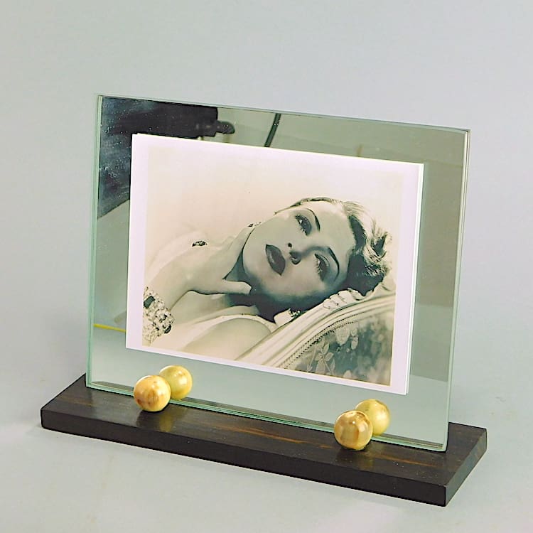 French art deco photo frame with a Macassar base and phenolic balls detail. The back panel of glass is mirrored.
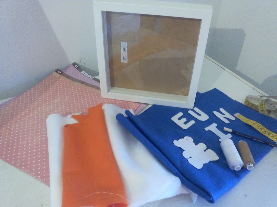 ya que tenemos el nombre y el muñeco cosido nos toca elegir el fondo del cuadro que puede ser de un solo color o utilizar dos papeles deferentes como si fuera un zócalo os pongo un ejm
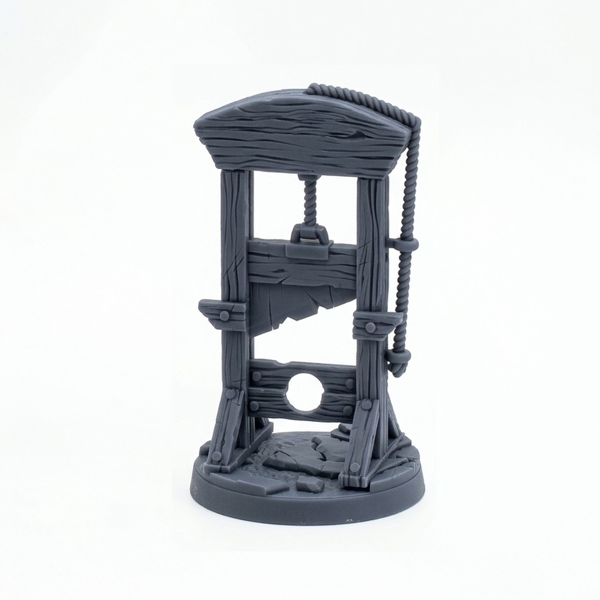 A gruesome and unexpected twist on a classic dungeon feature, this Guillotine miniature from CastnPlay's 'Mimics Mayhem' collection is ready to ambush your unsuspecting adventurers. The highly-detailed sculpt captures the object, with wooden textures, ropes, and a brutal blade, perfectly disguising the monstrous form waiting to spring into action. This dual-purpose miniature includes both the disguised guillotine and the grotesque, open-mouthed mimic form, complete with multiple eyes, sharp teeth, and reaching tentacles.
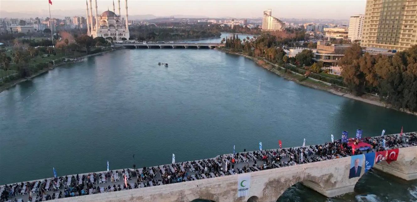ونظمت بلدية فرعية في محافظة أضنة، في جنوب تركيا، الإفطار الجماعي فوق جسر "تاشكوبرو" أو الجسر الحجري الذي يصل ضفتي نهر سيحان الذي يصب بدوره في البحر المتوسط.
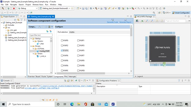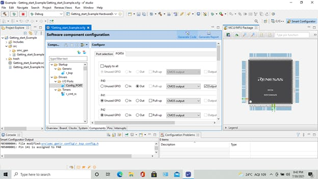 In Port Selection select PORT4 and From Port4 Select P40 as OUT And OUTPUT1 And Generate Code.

· · · · ·

*EXERCISE DIRECTIONS*: Without the pictures, return the records above exactly as written.

*SOLVED EXERCISE*:
 French art deco photo frame with a Macassar base and phenolic balls detail. The back panel of glass is mirrored.
 ya que tenemos el nombre y el muñeco cosido nos toca elegir el fondo del cuadro que puede ser de un solo color o utilizar dos papeles deferentes como si fuera un zócalo os pongo un ejm
 A gruesome and unexpected twist on a classic dungeon feature, this Guillotine miniature from CastnPlay's 'Mimics Mayhem' collection is ready to ambush your unsuspecting adventurers. The highly-detailed sculpt captures the object, with wooden textures, ropes, and a brutal blade, perfectly disguising the monstrous form waiting to spring into action. This dual-purpose miniature includes both the disguised guillotine and the grotesque, open-mouthed mimic form, complete with multiple eyes, sharp teeth, and reaching tentacles.
ونظمت بلدية فرعية في محافظة أضنة، في جنوب تركيا، الإفطار الجماعي فوق جسر "تاشكوبرو" أو الجسر الحجري الذي يصل ضفتي نهر سيحان الذي يصب بدوره في البحر المتوسط.
 In Port Selection select PORT4 and From Port4 Select P40 as OUT And OUTPUT1 And Generate Code.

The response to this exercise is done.